The study of 481 deceased athletes by researchers at the school and VA Boston Healthcare, published in JAMA Neurology, reveals that most individuals with CTE developed parkinsonism, and CTE pathology appears to drive the parkinsonism symptoms in most cases. 

Parkinsonism is a condition characterized by symptoms similar to Parkinson’s disease such as tremors, abnormal slowness of movements, or abnormal stiffness of one’s arms or legs. It long has been associated with traumatic brain injury and CTE in boxers. However, the specific pathologies underlying these symptoms in CTE were unknown. 
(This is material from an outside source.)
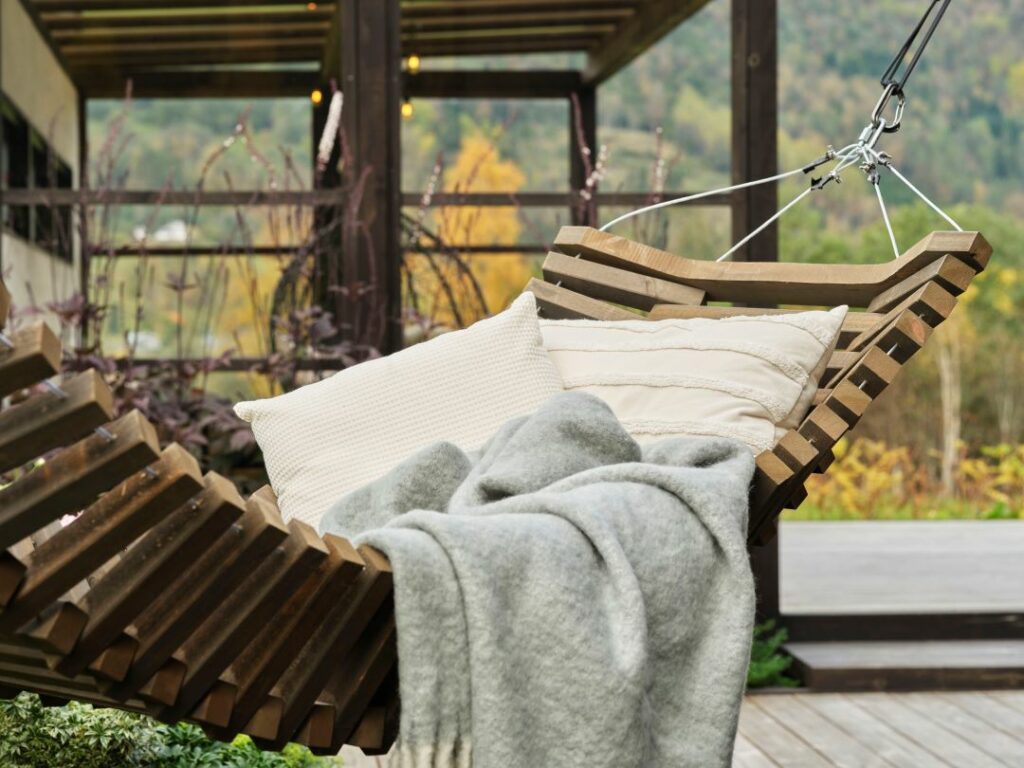 Mer MøreRoyal finner man i utemøblene. Både løse og plassbygde benker pryder uteområdet, men også bord og til og med hengekøyen kommer fra Talgø sitt sortiment. Noe på ordre, men det dreier seg like mye om gjenbruk av avkapp og rester.

Parkinson’s disease is classically associated with the buildup of proteins called Lewy bodies in brain cells, but researchers found that 76% of individuals with CTE and parkinsonism did not have Lewy body pathology. 

Subjects of the study had donated their brain to the Understanding Neurologic Injury and Traumatic Encephalopathy (UNITE) brain bank at the BU CTE Center. Those with parkinsonism were compared to those without to identify the types of pathologies that may explain why some individuals with CTE develop these symptoms and to examine relationships with duration of contact sports play. 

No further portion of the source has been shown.